YOUR TASK: Repeat exactly the lines of the material below that run from the "Green Chiffon Skirt" line to the "ONCAI Womens Flip" line, including both, and do not carry over any pictures.

AVAILABLE RECORDS:
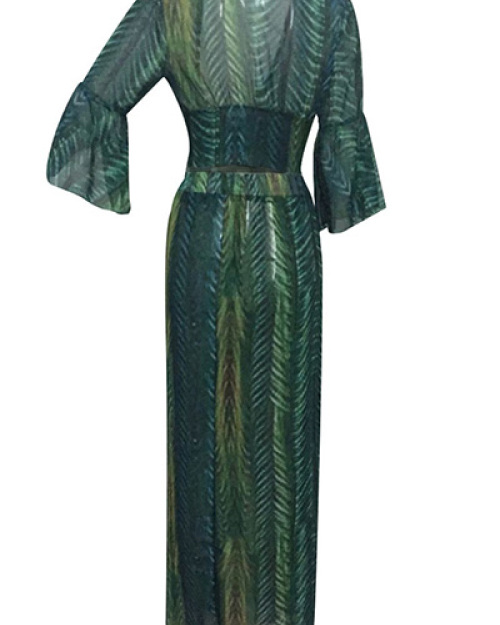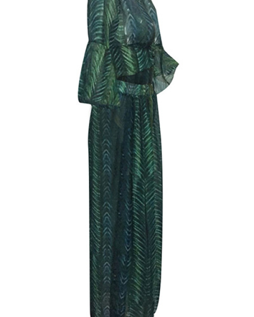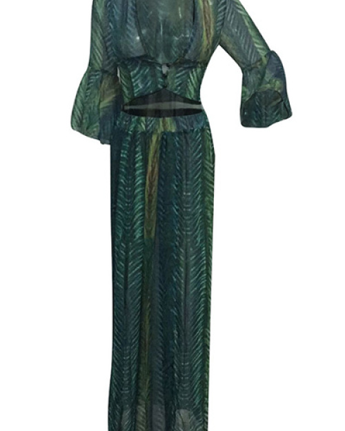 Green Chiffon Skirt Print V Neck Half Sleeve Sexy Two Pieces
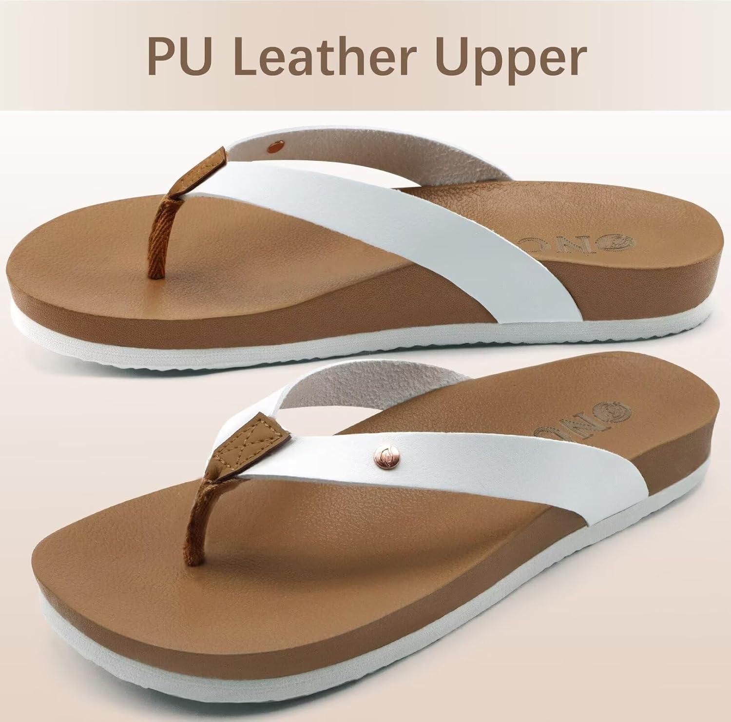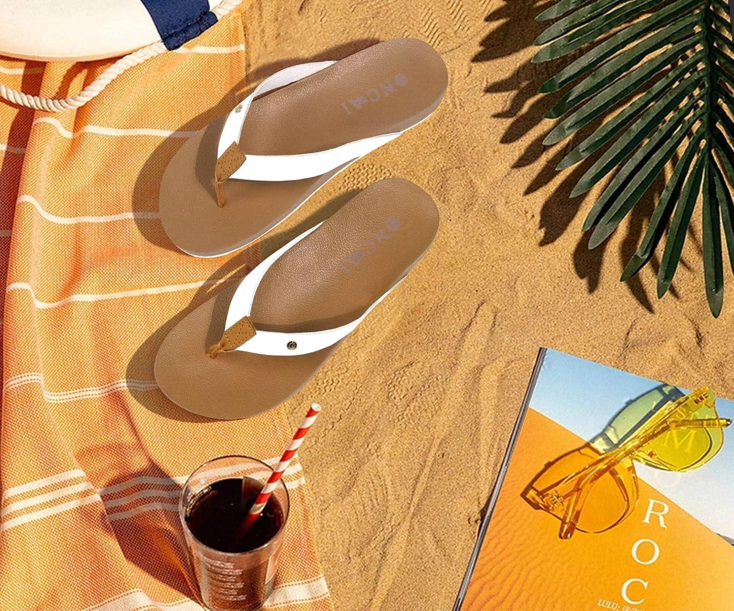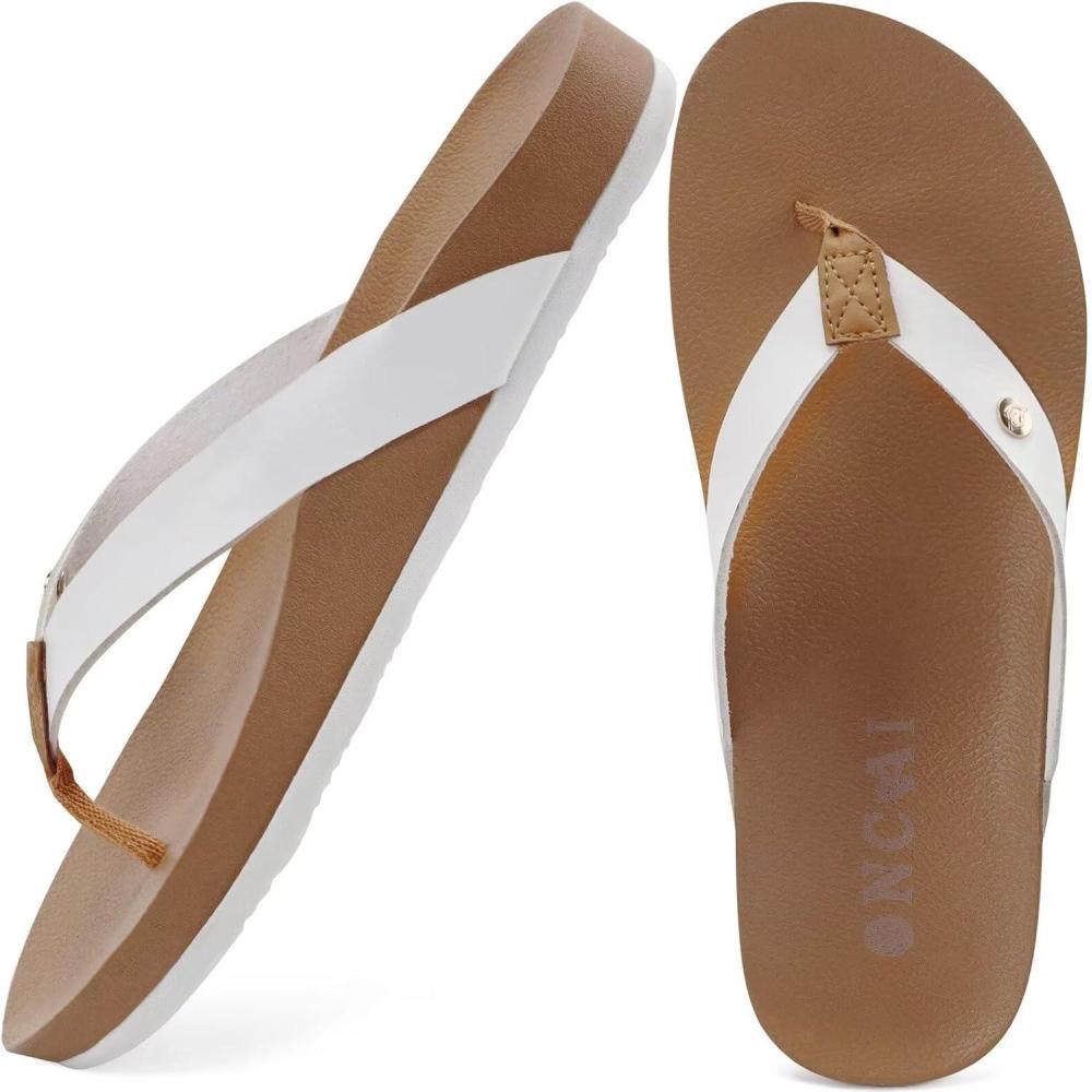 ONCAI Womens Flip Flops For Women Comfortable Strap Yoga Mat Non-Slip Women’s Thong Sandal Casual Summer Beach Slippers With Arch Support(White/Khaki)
...
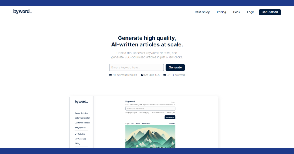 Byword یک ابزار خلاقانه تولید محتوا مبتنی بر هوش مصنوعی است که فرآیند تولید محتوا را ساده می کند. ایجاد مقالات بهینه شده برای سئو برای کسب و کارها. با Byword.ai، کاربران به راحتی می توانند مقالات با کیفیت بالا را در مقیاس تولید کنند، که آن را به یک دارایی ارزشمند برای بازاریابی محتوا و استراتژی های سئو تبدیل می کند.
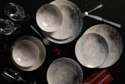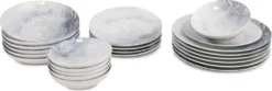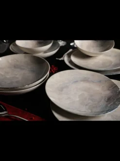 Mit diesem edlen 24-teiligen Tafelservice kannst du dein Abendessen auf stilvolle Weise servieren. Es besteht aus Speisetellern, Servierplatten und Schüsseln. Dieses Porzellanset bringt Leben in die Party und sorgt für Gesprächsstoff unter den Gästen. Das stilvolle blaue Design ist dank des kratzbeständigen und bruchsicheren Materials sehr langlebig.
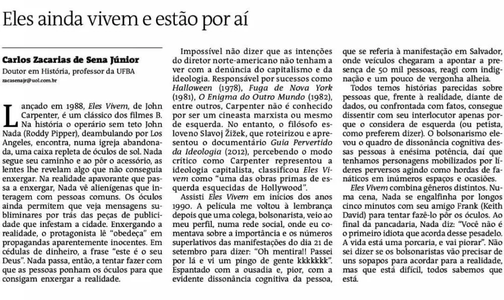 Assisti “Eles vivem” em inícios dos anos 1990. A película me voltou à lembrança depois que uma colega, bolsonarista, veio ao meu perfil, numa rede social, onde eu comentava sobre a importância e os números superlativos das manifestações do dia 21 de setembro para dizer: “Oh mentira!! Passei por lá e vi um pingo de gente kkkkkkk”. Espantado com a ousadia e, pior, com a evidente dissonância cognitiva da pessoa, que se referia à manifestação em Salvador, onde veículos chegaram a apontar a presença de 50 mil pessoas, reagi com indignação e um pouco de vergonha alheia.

TASK RESULT:
 Green Chiffon Skirt Print V Neck Half Sleeve Sexy Two Pieces
 ONCAI Womens Flip Flops For Women Comfortable Strap Yoga Mat Non-Slip Women’s Thong Sandal Casual Summer Beach Slippers With Arch Support(White/Khaki)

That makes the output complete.